Just joined. I have just started caring for bought mantids and needing some tips and help. Glad to be here!


----------



## agent A (Sep 20, 2022)

welcome!! what species did you get?


----------



## NYmantis (Sep 20, 2022)

Thanks for the welcome. I’ve had Chinese mantids in my yard for many years and decided to actually buy a mantid. I bought a golden mantis which became and adult this summer. I put her outside to live her best life. I now have a few Dead leaf mantids. Male and female.


----------



## agent A (Sep 20, 2022)

NYmantis said:


> Thanks for the welcome. I’ve had Chinese mantids in my yard for many years and decided to actually buy a mantid. I bought a golden mantis which became and adult this summer. I put her outside to live her best life. I now have a few Dead leaf mantids. Male and female.


which dead leaf species?


----------



## NYmantis (Sep 20, 2022)

Oh….um Lobatta. The male is pretty active. The female has been oddly lethargic lately. Not ready for molting. Unlike her. A little clumsy too. U sure what’s what. I was told this species is pretty low key so I’m trying to wait it out.


----------



## NYmantis (Sep 20, 2022)

*Which do you have currently?*


----------



## agent A (Sep 20, 2022)

NYmantis said:


> Oh….um Lobatta. The male is pretty active. The female has been oddly lethargic lately. Not ready for molting. Unlike her. A little clumsy too. U sure what’s what. I was told this species is pretty low key so I’m trying to wait it out.

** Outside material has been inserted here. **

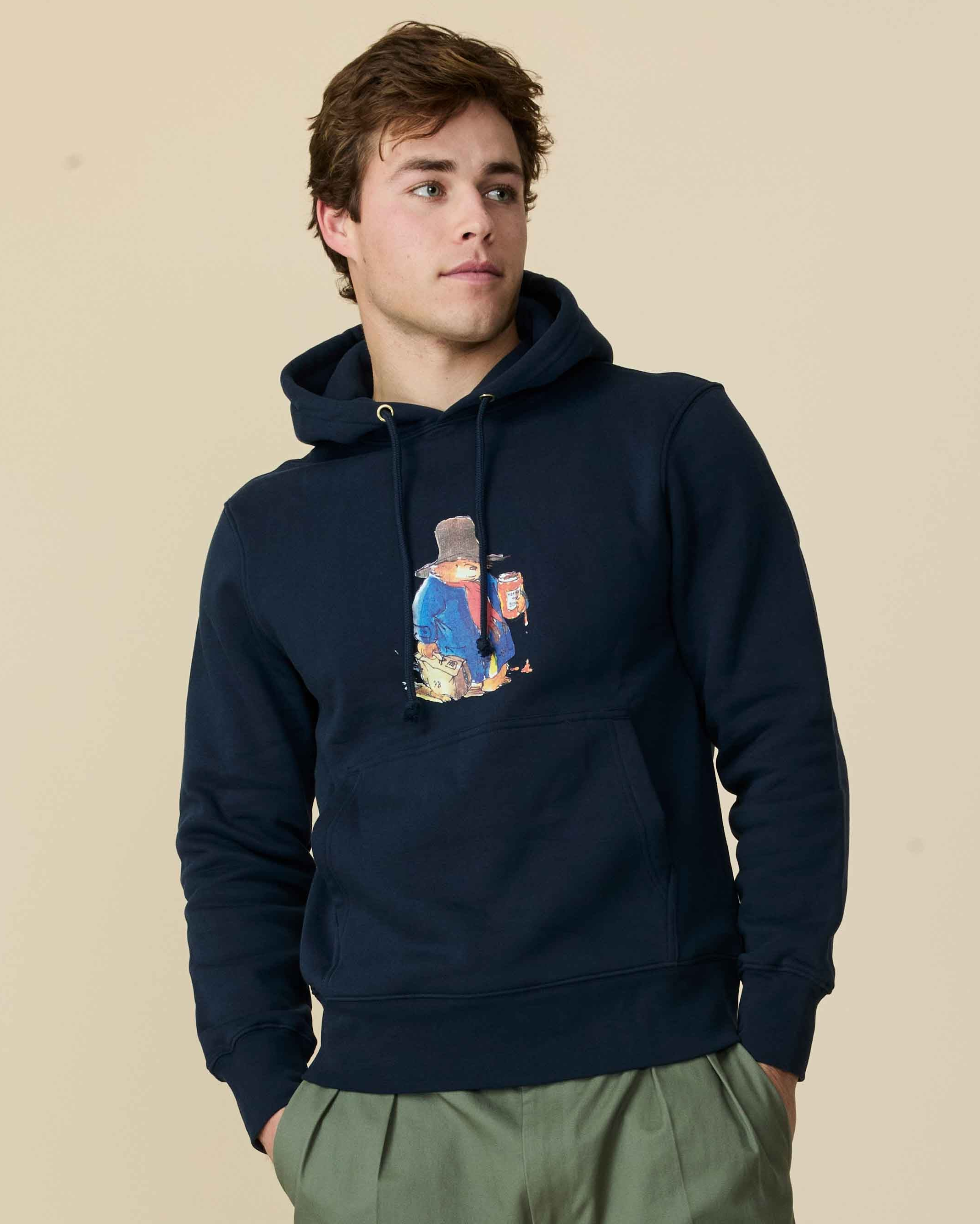 - Men’s organic cotton hooded sweatshirt featuring an oversized Paddington motif on the chest

_Deroplatys lobata_. be sure to spell correctly, italicize, and don't capitalize the species epithet
what instars are they? Are they adults? I've lost a few subadult females of this species. They just dropped dead one day, no warning
I am not sure what the rest of that message means. Female lethargic, not ready to molt, unlike her? Who is the other her? Am I sure what's what? What do you mean low-key?
I'm gonna need a bit more info here


----------



## agent A (Sep 20, 2022)

NYmantis said:


> *Which do you have currently?*


just 2 _Creobroter _species
I had to cut back


----------



## NYmantis (Sep 20, 2022)

Corrections appreciated. I have one male and one female. Im guessing instar refers to how many molts they’ve had? I got the female as a 2nd instar and is now at 4. For the last few weeks the female has been lethargic and wobbly. I thought she might be ready to molt again but it’s not the case. Unsure what it is. Any idea why yours died?


----------



## agent A (Sep 20, 2022)

NYmantis said:


> Corrections appreciated. I have one male and one female. Im guessing instar refers to how many molts they’ve had? I got the female as a 2nd instar and is now at 4. For the last few weeks the female has been lethargic and wobbly. I thought she might be ready to molt again but it’s not the case. Unsure what it is. Any idea why yours died?


instar is the period between molts
i'm not sure what you mean by "wobbly"

no idea why mine died


----------



## NYmantis (Sep 20, 2022)

I’ll just keep watch. Thanks.


----------